Я не поднимала руки над головой, чтоб сын не обмотался пуповиной.
Я никому не давала пить из своей чашки.
Я старательно запихивала в себя свечи с папаверином, чтобы сын не родился раньше времени. Причем запихивала их не туда, куда надо. Подумаешь, ошиблась на пару сантиметров…
Я до крови расчесывала себе живот и всерьез опасалась, что он вот-вот лопнет.
Я купила сыну коляску, кроватку, двадцать две упаковки памперсов, ванночку, подставку в ванночку, зеленку, вату, стерильные салфетки, десять бутылочек, дюжину сосок, штук двадцать пеленок, три одеяла, два матраса, манеж, велосипед, восемь чепчиков, кучу костюмов, пять полотенец, двадцать ползунков разных размеров, распашонки в неисчислимом количестве, шампунь, масло для попы, газоотводную трубочку, отсасыватель соплей, клизму, две грелки, зубную щетку, музыкальную карусель, два мешка погремушек и желтый горшок.
Я возила горшок в коляске по квартире, стирала и гладила с двух сторон все двадцать пеленок, пятнадцать костюмов и далее по списку, а моя мама втихаря звонила психиатру.
Сын должен был родиться в период с 12 июля по 3 августа. Двенадцатого июля я собрала два пакета вещей. В первом лежали тапочки, гель для душа, шампунь, зубная щетка, бумага, ручка, салфетки, расческа, носки, резинка для волос и жетоны для телефона-автомата. Во втором пакете были две пеленки, памперс на три килограмма, распашонка, голубой чепчик, голубой «конверт» с заячьими ушами, кружевной уголок и соска-слоник.
Тринадцатого июля я перетащила пакеты к себе в комнату и поставила возле кровати.
Четырнадцатого июля я купила прогулочную коляску и пере-^ ложила в нее желтый горшок.
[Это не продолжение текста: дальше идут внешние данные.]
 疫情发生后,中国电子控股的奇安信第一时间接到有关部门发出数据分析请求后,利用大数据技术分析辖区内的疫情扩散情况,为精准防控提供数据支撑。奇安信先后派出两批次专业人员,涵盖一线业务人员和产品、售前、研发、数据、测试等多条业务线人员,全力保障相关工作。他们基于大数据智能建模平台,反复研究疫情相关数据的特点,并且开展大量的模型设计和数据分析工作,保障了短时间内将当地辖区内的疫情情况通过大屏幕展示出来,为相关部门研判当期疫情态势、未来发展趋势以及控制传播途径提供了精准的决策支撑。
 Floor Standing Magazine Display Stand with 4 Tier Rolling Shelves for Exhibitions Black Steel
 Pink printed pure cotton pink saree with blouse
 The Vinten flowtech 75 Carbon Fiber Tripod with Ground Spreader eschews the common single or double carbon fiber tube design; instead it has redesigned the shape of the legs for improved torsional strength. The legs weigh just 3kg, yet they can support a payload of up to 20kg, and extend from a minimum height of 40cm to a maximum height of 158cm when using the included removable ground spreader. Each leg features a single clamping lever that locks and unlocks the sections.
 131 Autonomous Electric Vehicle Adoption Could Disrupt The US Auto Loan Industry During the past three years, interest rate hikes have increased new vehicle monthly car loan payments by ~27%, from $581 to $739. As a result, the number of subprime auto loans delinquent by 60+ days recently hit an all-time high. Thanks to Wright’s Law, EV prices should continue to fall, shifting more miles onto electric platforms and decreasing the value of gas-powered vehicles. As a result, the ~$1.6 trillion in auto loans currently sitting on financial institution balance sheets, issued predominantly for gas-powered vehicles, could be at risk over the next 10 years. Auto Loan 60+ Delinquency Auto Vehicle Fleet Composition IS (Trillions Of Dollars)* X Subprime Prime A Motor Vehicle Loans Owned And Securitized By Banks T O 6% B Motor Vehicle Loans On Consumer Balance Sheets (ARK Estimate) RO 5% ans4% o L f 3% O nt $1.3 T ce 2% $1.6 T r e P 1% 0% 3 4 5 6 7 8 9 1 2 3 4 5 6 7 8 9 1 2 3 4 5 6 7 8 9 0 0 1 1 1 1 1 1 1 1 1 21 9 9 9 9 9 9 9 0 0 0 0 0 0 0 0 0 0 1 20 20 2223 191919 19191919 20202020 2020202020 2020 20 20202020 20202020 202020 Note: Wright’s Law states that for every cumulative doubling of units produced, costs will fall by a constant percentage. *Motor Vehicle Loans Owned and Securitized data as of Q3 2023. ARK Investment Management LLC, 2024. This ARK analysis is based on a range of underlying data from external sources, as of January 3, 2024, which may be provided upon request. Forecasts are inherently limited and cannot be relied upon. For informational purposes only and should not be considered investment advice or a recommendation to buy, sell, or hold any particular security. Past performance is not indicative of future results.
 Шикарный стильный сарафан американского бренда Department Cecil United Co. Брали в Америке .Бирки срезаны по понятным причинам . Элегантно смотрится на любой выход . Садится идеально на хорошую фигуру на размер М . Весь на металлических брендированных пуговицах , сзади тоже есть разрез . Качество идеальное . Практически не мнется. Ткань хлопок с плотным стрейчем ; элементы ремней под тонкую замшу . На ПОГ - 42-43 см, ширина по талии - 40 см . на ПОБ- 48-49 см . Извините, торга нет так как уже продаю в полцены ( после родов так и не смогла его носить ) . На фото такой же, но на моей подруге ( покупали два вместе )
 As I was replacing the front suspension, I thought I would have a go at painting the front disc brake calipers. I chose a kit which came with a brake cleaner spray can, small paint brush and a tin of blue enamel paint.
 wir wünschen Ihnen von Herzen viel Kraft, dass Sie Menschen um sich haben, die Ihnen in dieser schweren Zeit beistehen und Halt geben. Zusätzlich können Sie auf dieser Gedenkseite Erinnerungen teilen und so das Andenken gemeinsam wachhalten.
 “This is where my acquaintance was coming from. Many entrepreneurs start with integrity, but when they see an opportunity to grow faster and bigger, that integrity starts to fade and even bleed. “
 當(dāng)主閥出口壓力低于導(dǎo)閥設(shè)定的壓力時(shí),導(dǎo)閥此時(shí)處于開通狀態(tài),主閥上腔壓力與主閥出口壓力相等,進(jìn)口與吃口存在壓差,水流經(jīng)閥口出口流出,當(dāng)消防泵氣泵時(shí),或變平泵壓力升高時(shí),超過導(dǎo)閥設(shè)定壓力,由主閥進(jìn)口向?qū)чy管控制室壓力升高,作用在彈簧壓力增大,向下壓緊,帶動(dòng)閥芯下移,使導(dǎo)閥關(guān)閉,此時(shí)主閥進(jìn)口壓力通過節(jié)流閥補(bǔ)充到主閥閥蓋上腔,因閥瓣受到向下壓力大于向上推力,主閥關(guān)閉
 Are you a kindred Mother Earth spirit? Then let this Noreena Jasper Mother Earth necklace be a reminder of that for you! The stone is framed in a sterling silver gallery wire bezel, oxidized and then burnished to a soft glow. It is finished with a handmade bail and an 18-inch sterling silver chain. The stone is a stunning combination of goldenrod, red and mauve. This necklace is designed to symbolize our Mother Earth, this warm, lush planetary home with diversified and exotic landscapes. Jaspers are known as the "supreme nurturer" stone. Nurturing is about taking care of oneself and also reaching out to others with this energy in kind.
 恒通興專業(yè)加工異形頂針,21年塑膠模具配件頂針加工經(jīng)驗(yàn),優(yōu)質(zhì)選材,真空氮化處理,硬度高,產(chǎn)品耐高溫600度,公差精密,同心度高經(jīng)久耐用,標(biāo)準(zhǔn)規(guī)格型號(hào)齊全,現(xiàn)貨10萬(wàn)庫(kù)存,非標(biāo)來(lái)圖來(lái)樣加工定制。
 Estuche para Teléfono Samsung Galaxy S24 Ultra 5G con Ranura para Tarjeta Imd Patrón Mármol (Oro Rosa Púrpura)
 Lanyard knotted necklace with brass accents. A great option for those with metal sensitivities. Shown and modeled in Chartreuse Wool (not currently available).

Пятнадцатого июля от меня сбежал в другую комнату муж. Шестнадцатого июля я сожрала ударную дозу рыбьего жира и плотно оккупировала туалет еще на два дня.
Девятнадцатого июля мне с утра захотелось плакать. Я ушла в гостиную, села в кресло под торшером, достала из кармана своего необъятного халата «Тетрис» и начала проигрывать, тоненько при этом всхлипывая.
Через час меня нашел папа. Он посмотрел на меня, о чем-то подумал, подергал себя за бороду и тихо вышел.
А еще через час за мной приехала «скорая помощь».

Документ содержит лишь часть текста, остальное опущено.